- _The task_
Could you transcribe exactly the lines from the one containing "Ikke glem denne" through the last line of the records below, leaving out the pictures?

=== Extracted material ===

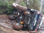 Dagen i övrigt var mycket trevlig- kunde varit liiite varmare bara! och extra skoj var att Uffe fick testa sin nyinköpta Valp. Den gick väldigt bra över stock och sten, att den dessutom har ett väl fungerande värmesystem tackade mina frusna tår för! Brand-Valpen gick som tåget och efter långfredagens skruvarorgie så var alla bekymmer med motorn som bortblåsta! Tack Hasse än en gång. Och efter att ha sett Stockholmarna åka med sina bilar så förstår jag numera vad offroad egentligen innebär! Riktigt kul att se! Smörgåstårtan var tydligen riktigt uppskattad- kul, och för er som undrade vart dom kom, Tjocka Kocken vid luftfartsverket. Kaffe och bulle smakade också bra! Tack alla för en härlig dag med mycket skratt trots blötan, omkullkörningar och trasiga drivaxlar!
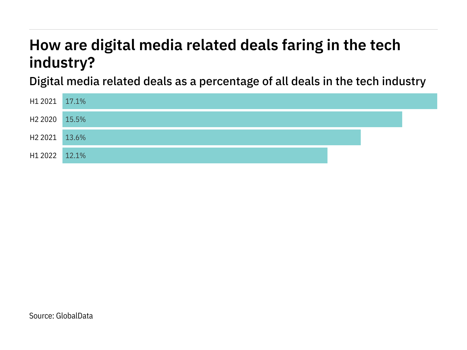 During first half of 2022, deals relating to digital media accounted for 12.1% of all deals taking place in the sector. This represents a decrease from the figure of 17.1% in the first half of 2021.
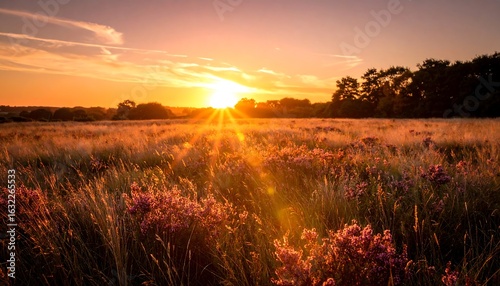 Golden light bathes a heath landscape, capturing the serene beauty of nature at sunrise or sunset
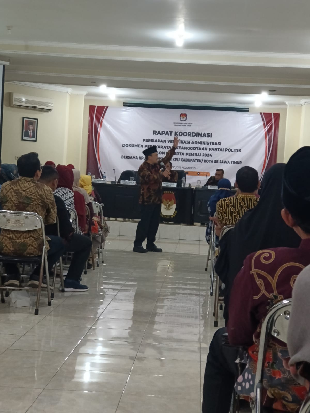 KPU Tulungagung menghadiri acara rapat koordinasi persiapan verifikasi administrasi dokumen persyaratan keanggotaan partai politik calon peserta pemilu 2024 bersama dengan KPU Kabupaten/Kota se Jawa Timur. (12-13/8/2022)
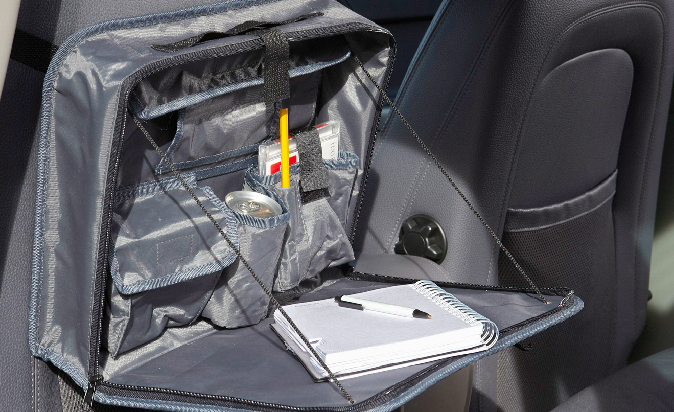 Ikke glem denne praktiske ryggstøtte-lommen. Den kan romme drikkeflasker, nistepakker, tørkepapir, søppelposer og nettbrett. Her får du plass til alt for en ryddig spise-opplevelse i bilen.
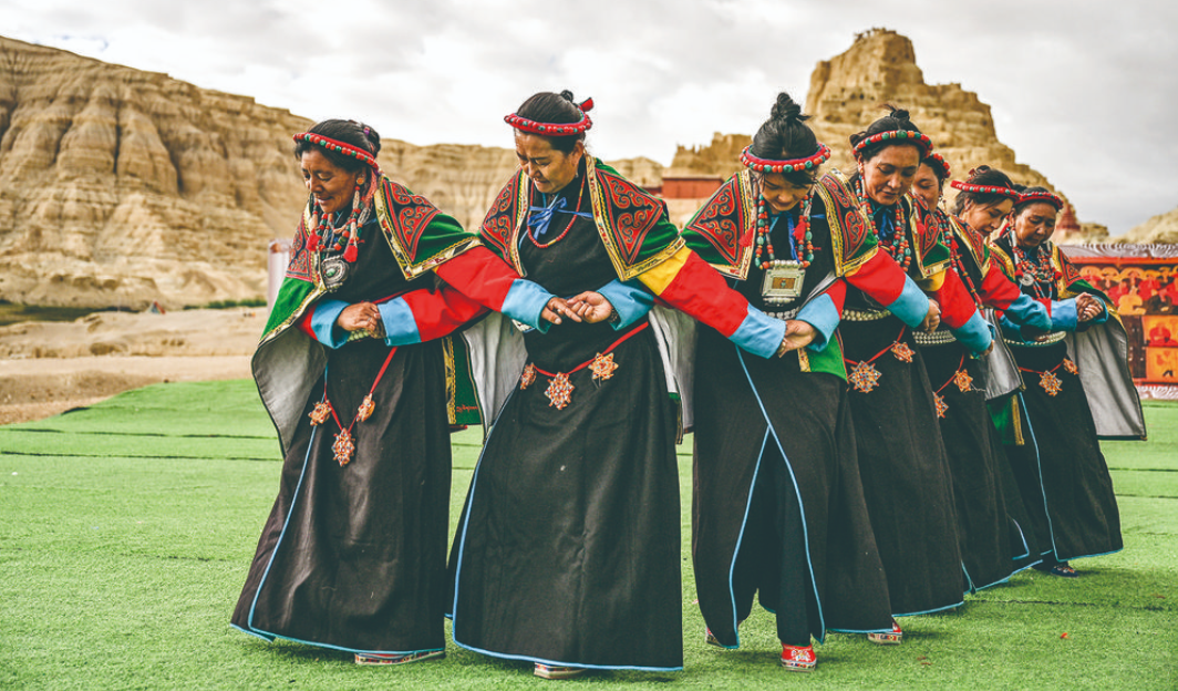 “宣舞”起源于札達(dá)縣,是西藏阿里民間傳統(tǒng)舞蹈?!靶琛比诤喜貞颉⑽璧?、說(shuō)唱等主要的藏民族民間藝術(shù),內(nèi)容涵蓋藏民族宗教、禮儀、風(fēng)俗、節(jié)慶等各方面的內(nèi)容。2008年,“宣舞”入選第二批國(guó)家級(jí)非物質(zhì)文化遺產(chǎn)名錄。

===

- _Answer_
 Ikke glem denne praktiske ryggstøtte-lommen. Den kan romme drikkeflasker, nistepakker, tørkepapir, søppelposer og nettbrett. Her får du plass til alt for en ryddig spise-opplevelse i bilen.
 “宣舞”起源于札達(dá)縣,是西藏阿里民間傳統(tǒng)舞蹈?!靶琛比诤喜貞颉⑽璧?、說(shuō)唱等主要的藏民族民間藝術(shù),內(nèi)容涵蓋藏民族宗教、禮儀、風(fēng)俗、節(jié)慶等各方面的內(nèi)容。2008年,“宣舞”入選第二批國(guó)家級(jí)非物質(zhì)文化遺產(chǎn)名錄。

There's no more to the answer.